● **Task instructions**: Dropping every picture, set down exactly the lines in the entries below, starting with the line with "При цьому 7%" and going on through the line with "The interior design".

● **Record extracts**:
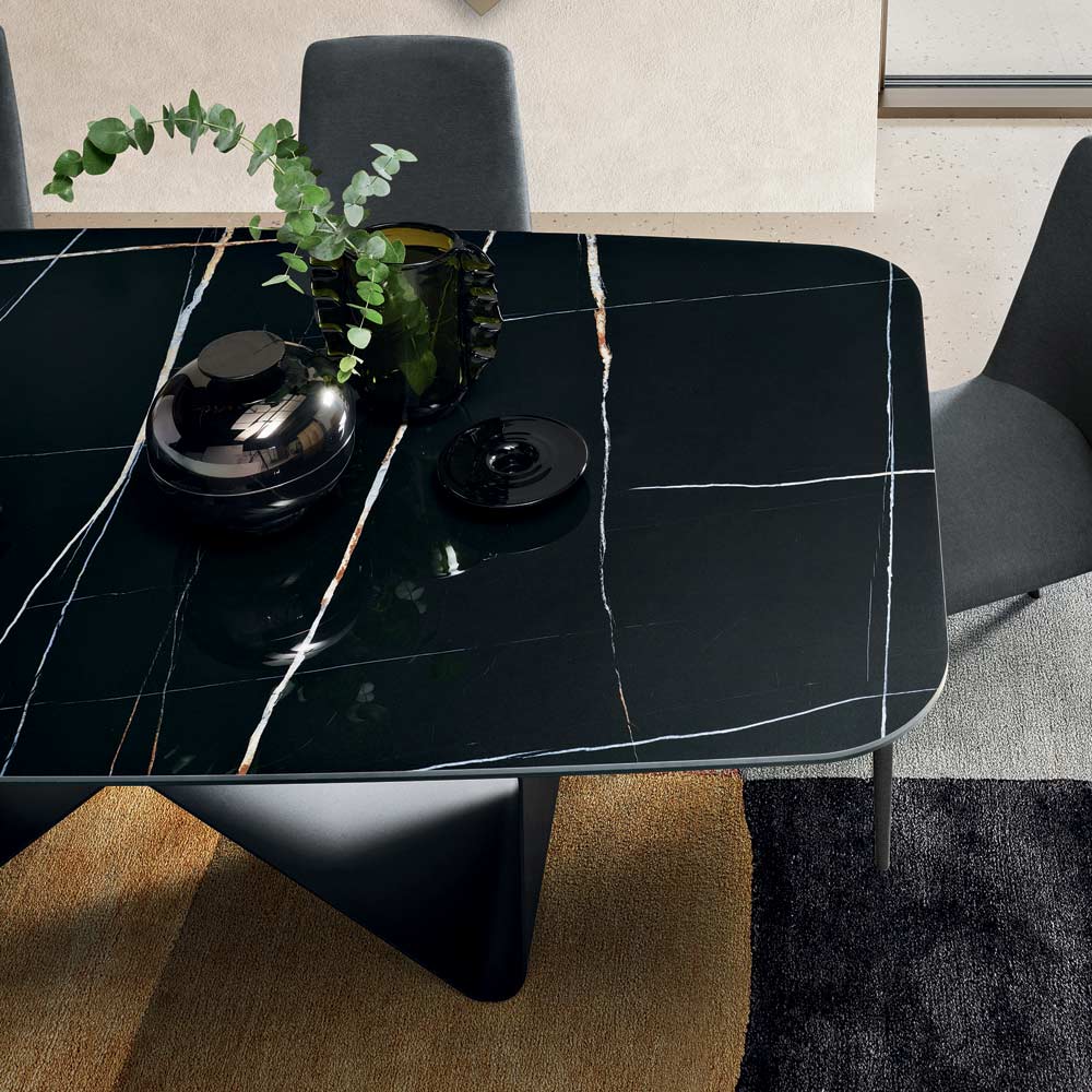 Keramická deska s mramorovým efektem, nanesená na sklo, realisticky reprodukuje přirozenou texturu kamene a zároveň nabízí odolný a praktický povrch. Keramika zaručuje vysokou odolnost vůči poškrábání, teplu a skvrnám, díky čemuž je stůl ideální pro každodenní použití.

--

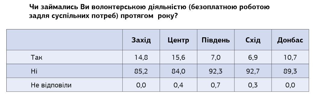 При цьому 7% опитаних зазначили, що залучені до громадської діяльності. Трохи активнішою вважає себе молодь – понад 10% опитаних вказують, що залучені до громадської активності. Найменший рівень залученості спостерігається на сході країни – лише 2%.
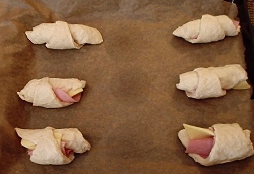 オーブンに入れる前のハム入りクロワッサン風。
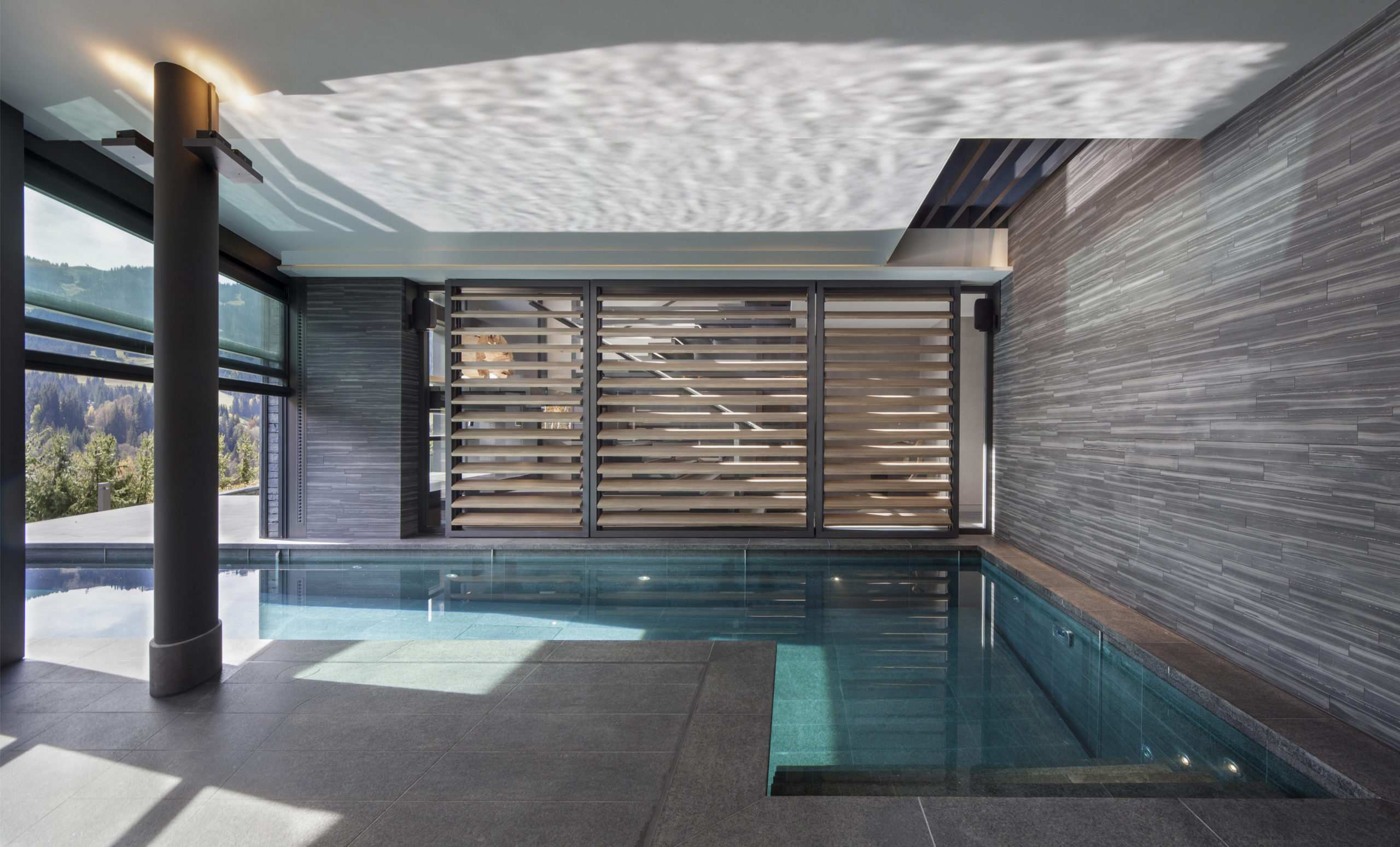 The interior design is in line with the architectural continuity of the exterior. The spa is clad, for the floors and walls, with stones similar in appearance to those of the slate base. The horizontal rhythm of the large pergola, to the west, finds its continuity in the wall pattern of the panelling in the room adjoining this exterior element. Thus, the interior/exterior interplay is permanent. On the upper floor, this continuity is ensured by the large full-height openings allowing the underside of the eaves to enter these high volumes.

● **Result**:
 При цьому 7% опитаних зазначили, що залучені до громадської діяльності. Трохи активнішою вважає себе молодь – понад 10% опитаних вказують, що залучені до громадської активності. Найменший рівень залученості спостерігається на сході країни – лише 2%.
 オーブンに入れる前のハム入りクロワッサン風。
 The interior design is in line with the architectural continuity of the exterior. The spa is clad, for the floors and walls, with stones similar in appearance to those of the slate base. The horizontal rhythm of the large pergola, to the west, finds its continuity in the wall pattern of the panelling in the room adjoining this exterior element. Thus, the interior/exterior interplay is permanent. On the upper floor, this continuity is ensured by the large full-height openings allowing the underside of the eaves to enter these high volumes.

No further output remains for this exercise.